Data entries

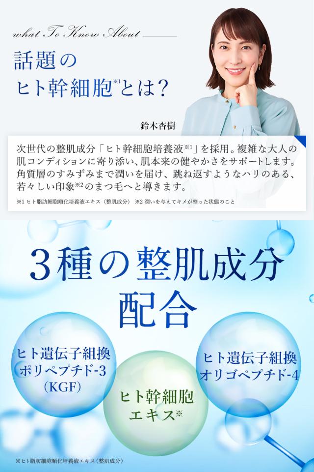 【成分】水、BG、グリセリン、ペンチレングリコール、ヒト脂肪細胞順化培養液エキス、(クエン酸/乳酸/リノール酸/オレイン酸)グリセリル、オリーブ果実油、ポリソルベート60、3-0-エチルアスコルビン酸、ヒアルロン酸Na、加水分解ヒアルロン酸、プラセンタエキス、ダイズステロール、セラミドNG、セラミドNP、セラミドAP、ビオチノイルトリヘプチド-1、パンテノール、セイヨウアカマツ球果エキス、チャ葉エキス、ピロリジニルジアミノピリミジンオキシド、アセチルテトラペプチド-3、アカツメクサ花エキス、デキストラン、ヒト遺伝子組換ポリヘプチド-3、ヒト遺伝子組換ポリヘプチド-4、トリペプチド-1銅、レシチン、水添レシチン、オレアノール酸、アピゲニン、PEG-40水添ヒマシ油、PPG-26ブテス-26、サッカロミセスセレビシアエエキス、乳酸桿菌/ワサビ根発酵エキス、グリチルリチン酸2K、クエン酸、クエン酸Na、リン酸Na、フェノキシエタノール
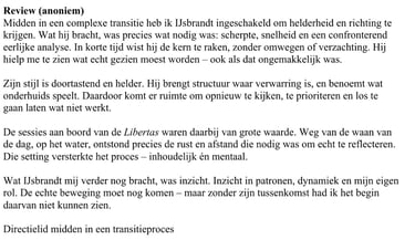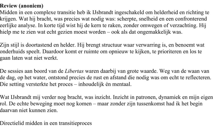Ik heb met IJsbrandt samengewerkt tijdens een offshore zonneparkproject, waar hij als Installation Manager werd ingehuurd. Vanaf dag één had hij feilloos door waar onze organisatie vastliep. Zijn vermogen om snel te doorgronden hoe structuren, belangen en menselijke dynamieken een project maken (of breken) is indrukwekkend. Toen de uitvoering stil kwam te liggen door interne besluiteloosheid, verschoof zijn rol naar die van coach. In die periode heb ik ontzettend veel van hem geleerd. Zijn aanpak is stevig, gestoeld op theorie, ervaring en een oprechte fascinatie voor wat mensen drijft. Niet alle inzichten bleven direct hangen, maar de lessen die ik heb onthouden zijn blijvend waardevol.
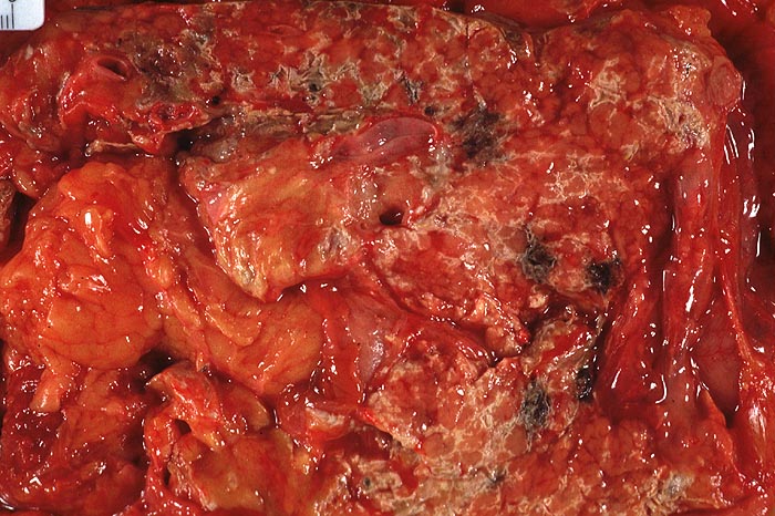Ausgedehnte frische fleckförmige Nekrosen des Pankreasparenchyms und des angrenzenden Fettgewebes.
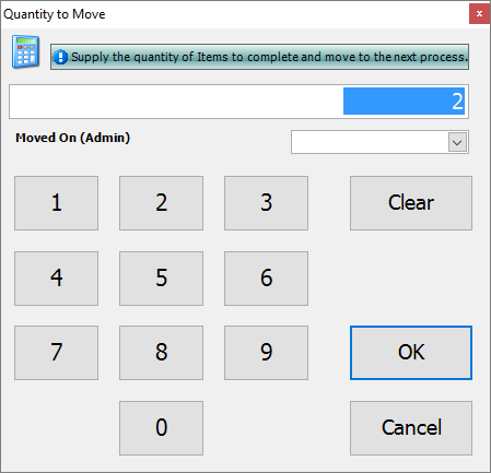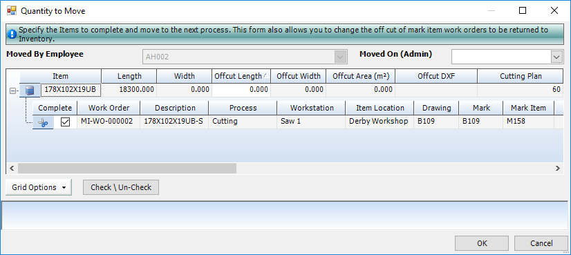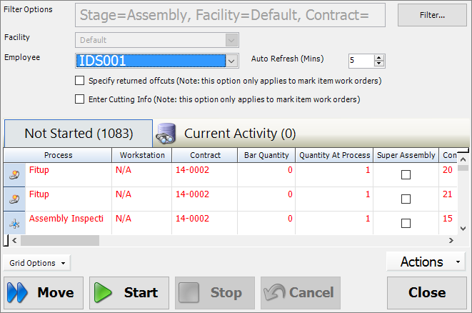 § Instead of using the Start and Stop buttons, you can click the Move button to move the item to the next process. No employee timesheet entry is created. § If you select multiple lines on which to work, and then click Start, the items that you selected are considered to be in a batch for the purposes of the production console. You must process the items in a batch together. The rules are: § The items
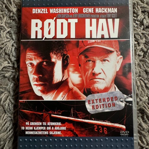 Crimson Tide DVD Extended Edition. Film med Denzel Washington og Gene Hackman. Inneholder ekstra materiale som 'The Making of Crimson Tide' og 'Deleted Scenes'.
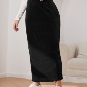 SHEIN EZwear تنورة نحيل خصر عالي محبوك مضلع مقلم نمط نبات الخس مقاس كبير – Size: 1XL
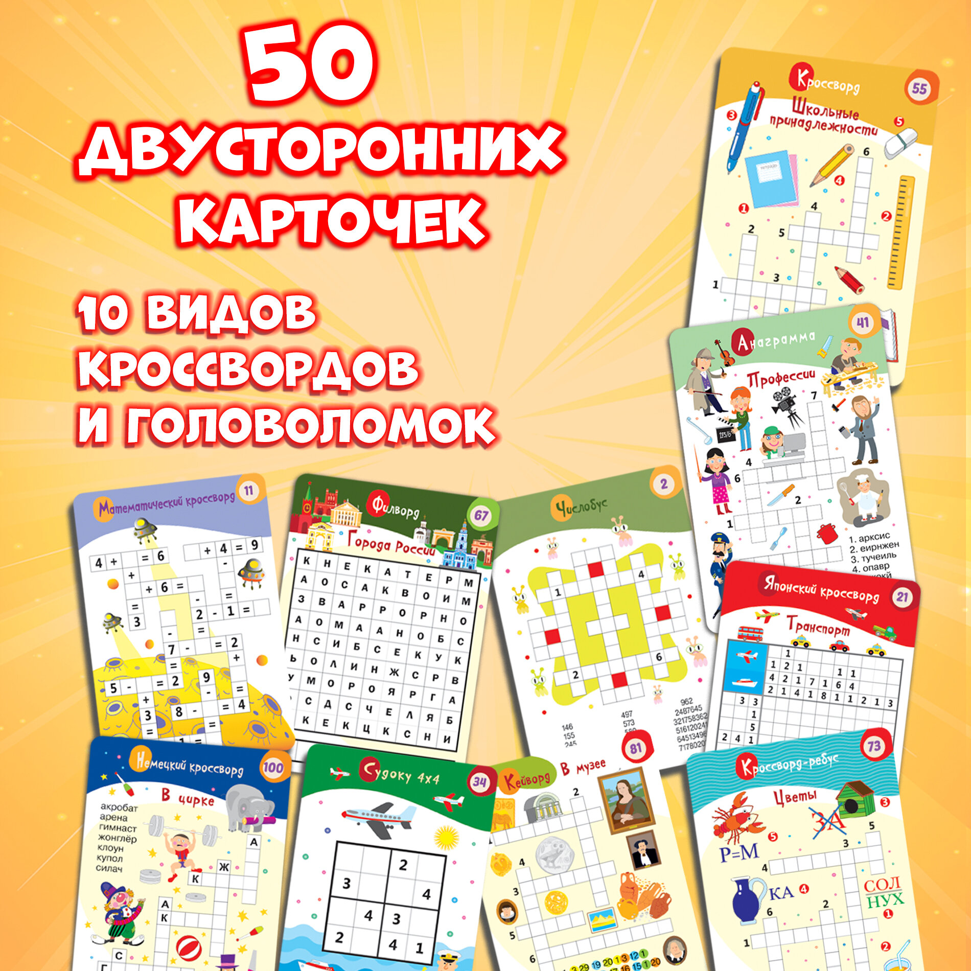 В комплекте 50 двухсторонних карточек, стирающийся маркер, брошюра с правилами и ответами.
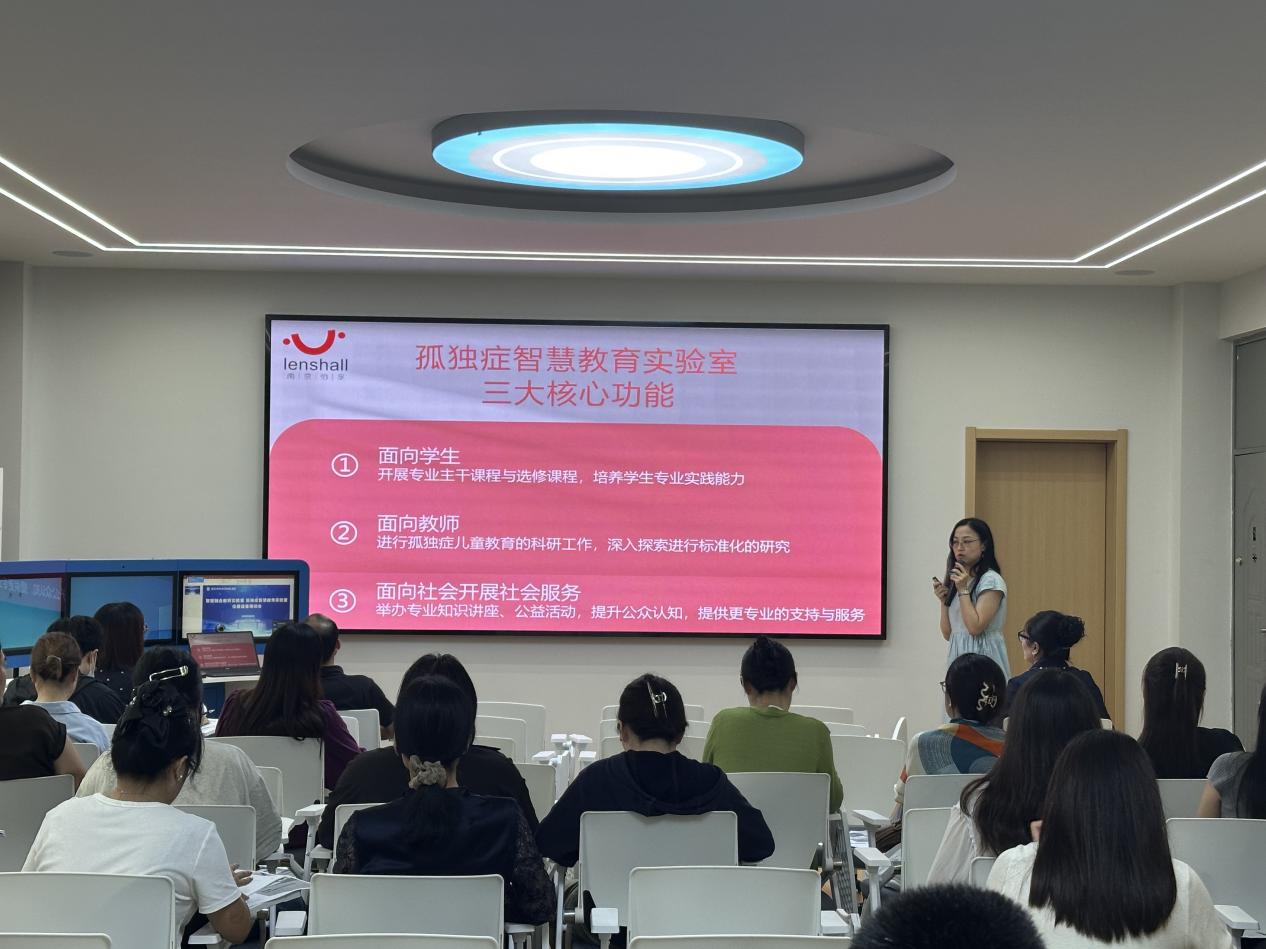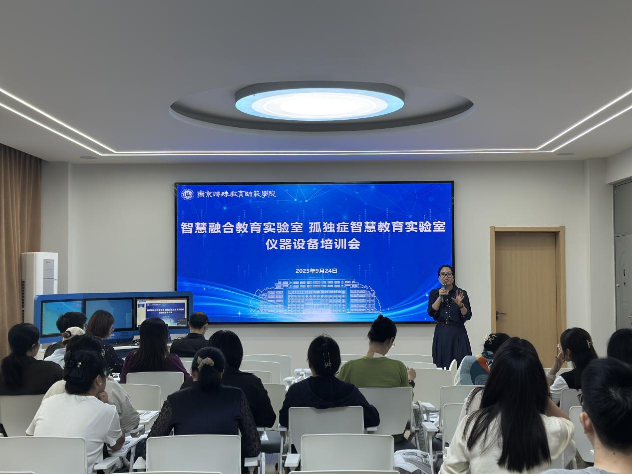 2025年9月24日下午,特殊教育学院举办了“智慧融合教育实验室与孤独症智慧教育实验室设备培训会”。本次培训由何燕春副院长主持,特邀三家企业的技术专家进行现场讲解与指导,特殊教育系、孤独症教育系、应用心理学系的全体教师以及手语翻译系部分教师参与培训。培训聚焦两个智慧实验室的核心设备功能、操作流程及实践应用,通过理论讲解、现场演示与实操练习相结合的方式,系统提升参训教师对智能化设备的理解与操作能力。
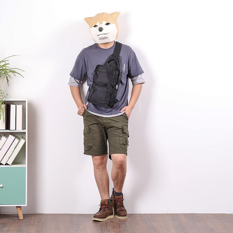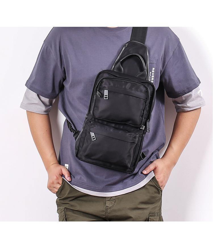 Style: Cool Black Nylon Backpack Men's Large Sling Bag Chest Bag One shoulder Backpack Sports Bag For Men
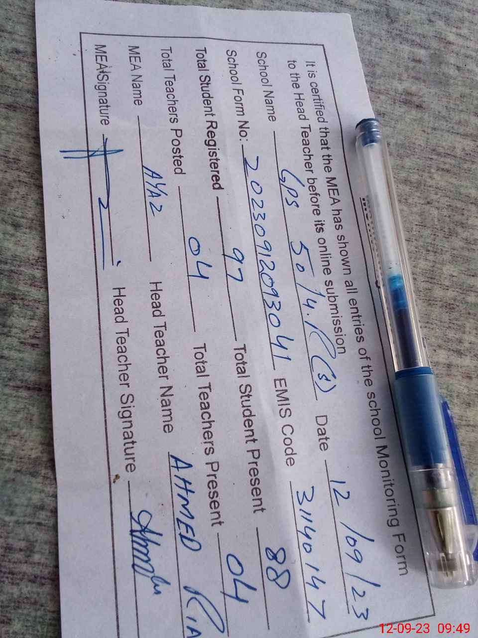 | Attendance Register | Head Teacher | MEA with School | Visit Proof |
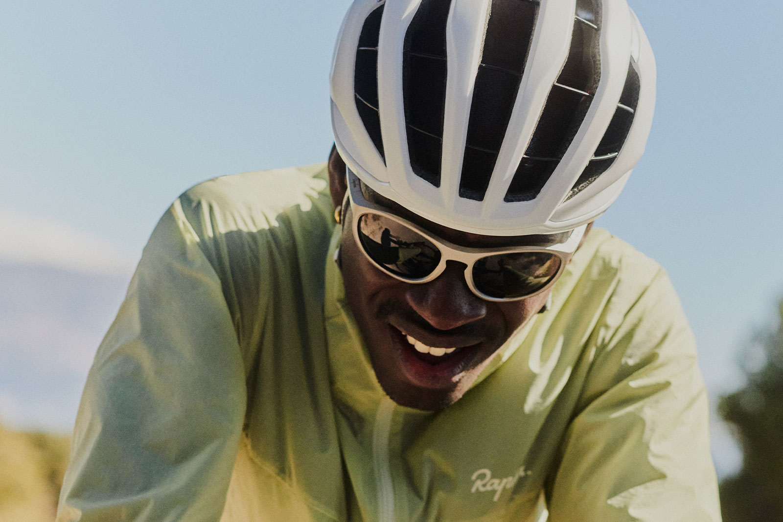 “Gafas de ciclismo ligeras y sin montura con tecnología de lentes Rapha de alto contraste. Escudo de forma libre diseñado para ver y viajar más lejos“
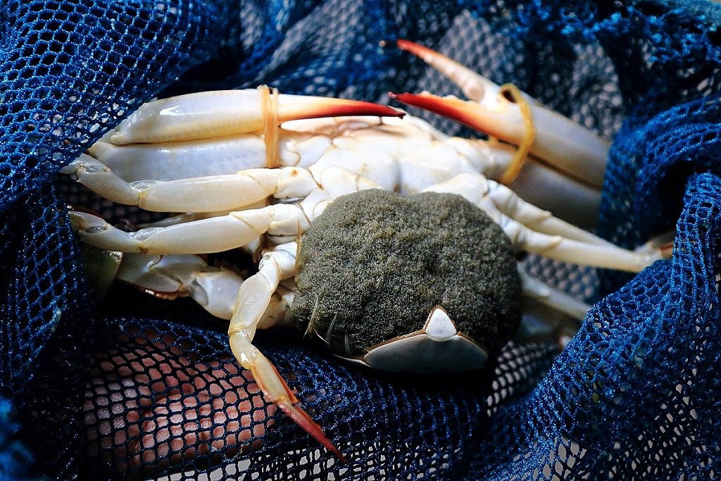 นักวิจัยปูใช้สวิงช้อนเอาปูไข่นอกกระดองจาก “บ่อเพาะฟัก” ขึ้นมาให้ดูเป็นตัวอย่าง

WHAT THIS TASK INVOLVES:
Any pictures above are to be left out. Retype the rest of the records exactly.

TASK RESPONSE:
 【成分】水、BG、グリセリン、ペンチレングリコール、ヒト脂肪細胞順化培養液エキス、(クエン酸/乳酸/リノール酸/オレイン酸)グリセリル、オリーブ果実油、ポリソルベート60、3-0-エチルアスコルビン酸、ヒアルロン酸Na、加水分解ヒアルロン酸、プラセンタエキス、ダイズステロール、セラミドNG、セラミドNP、セラミドAP、ビオチノイルトリヘプチド-1、パンテノール、セイヨウアカマツ球果エキス、チャ葉エキス、ピロリジニルジアミノピリミジンオキシド、アセチルテトラペプチド-3、アカツメクサ花エキス、デキストラン、ヒト遺伝子組換ポリヘプチド-3、ヒト遺伝子組換ポリヘプチド-4、トリペプチド-1銅、レシチン、水添レシチン、オレアノール酸、アピゲニン、PEG-40水添ヒマシ油、PPG-26ブテス-26、サッカロミセスセレビシアエエキス、乳酸桿菌/ワサビ根発酵エキス、グリチルリチン酸2K、クエン酸、クエン酸Na、リン酸Na、フェノキシエタノール
Ik heb met IJsbrandt samengewerkt tijdens een offshore zonneparkproject, waar hij als Installation Manager werd ingehuurd. Vanaf dag één had hij feilloos door waar onze organisatie vastliep. Zijn vermogen om snel te doorgronden hoe structuren, belangen en menselijke dynamieken een project maken (of breken) is indrukwekkend. Toen de uitvoering stil kwam te liggen door interne besluiteloosheid, verschoof zijn rol naar die van coach. In die periode heb ik ontzettend veel van hem geleerd. Zijn aanpak is stevig, gestoeld op theorie, ervaring en een oprechte fascinatie voor wat mensen drijft. Niet alle inzichten bleven direct hangen, maar de lessen die ik heb onthouden zijn blijvend waardevol.
Ausgedehnte frische fleckförmige Nekrosen des Pankreasparenchyms und des angrenzenden Fettgewebes.
 § Instead of using the Start and Stop buttons, you can click the Move button to move the item to the next process. No employee timesheet entry is created. § If you select multiple lines on which to work, and then click Start, the items that you selected are considered to be in a batch for the purposes of the production console. You must process the items in a batch together. The rules are: § The items
 Crimson Tide DVD Extended Edition. Film med Denzel Washington og Gene Hackman. Inneholder ekstra materiale som 'The Making of Crimson Tide' og 'Deleted Scenes'.
 SHEIN EZwear تنورة نحيل خصر عالي محبوك مضلع مقلم نمط نبات الخس مقاس كبير – Size: 1XL
 В комплекте 50 двухсторонних карточек, стирающийся маркер, брошюра с правилами и ответами.
 2025年9月24日下午,特殊教育学院举办了“智慧融合教育实验室与孤独症智慧教育实验室设备培训会”。本次培训由何燕春副院长主持,特邀三家企业的技术专家进行现场讲解与指导,特殊教育系、孤独症教育系、应用心理学系的全体教师以及手语翻译系部分教师参与培训。培训聚焦两个智慧实验室的核心设备功能、操作流程及实践应用,通过理论讲解、现场演示与实操练习相结合的方式,系统提升参训教师对智能化设备的理解与操作能力。
 Style: Cool Black Nylon Backpack Men's Large Sling Bag Chest Bag One shoulder Backpack Sports Bag For Men
 | Attendance Register | Head Teacher | MEA with School | Visit Proof |
 “Gafas de ciclismo ligeras y sin montura con tecnología de lentes Rapha de alto contraste. Escudo de forma libre diseñado para ver y viajar más lejos“
 นักวิจัยปูใช้สวิงช้อนเอาปูไข่นอกกระดองจาก “บ่อเพาะฟัก” ขึ้นมาให้ดูเป็นตัวอย่าง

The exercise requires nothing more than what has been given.